Like we said, with the statistics static over the last few years, pale partnership is not exactly news, but the lack of progress does beg the question: what's the holdup?
One of the reasons why there is a shortage of black partners is that there's a shortage of black lawyers: only 4.2 percent of American attorneys are black, compared to 7.1 percent of physicians and surgeons, 8.5 percent of financial managers, and 9.8 percent of accountants and auditors.
The American Lawyer, the purveyors of the partnership survey, summed up the issue quite nicely by calling our hallowed bar "the palest profession."
Elie Mystal, at Above the Law Redline, describes the social obstacles that block advancement:
Of course, that puts minorities in a "perception" catch-22. Be the guy always at your desk: then you are the guy who isn't doing enough "facetime" to build relationships with your peers. Be the guy always willing to go out for a drink or meet up at the golf course: then you are the guy who might not have the "focus" and the drive to achieve excellence. And that is assuming that the black person is going to even be invited out for the drink or to the country club.
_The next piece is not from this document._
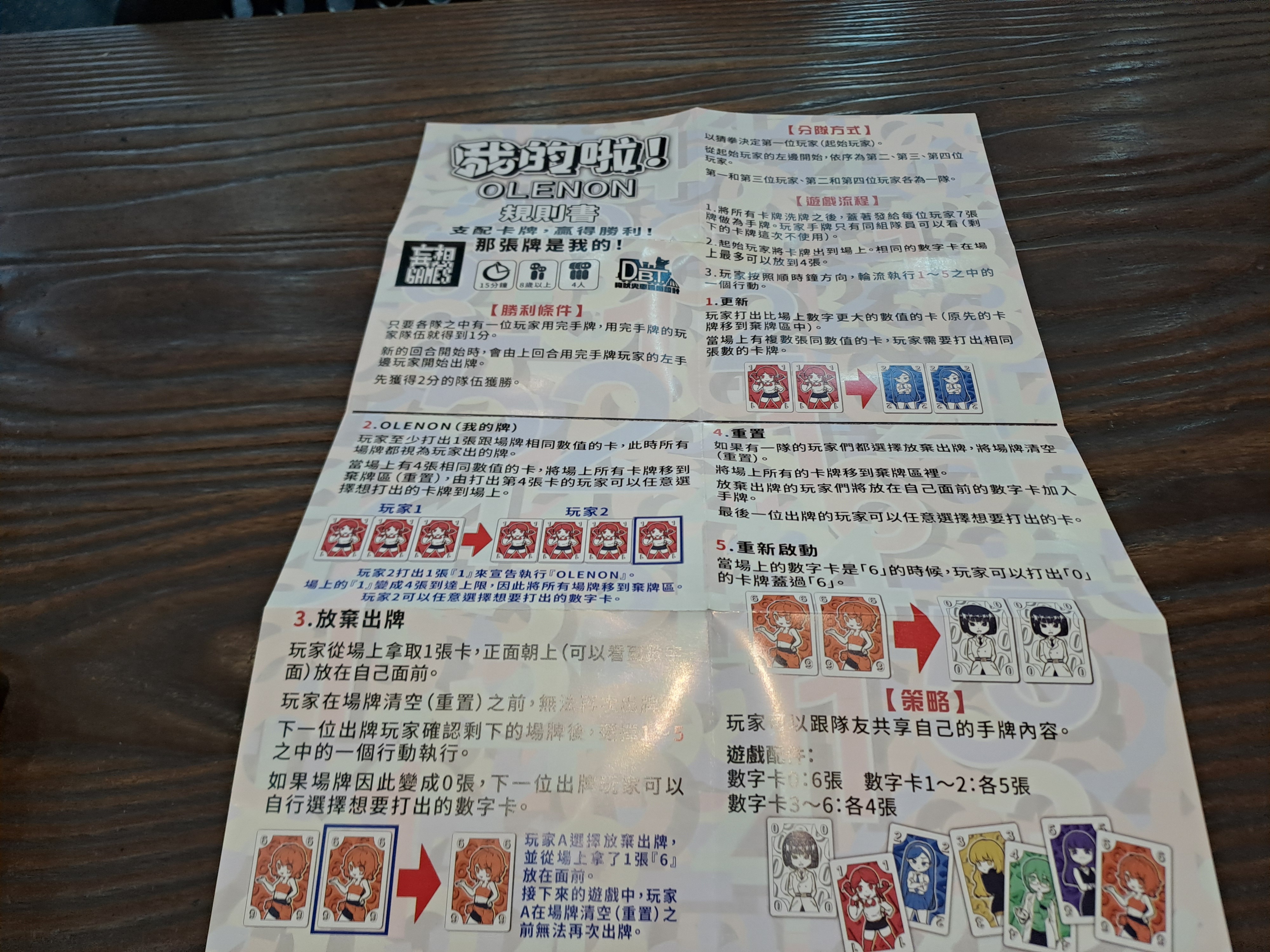 順位2與4的玩家同隊,每位玩家抽七張手牌

And women, unfortunately, have it worse:
As usual, all that is worse for black women. If they don't do the facetime, they are "surly" and "unapproachable." If they do, and happen to not be at their desk the moment somebody happens to walk by, their absence is visible and noted. If their bosses treat them as secretaries, and they don't complain, they are pushovers. If they do complain, they have an "attitude" problem. A pet pig being fattened for slaughter receives fewer mixed messages than an African-American female at a large law firm, though their fates are going to be sadly similar.
A recent study demonstrated inherent bias on the part of law firm partners when evaluating associates' work: the same memo was scored at 4.1 out of 5 for a white Thomas Meyer, but only 3.2 for a black Thomas Meyer.
It wasn't just numerical scores either. The law firm partner participants added qualitative comments that were positive for the white fictional associate (words like "potential") while the black associate inspired the assessment: "can't believe he went to NYU."
Meanwhile, a blind study showed that minority and female associates actually received more positive evaluations than majority men -- basically, they did better work when race and gender was masked.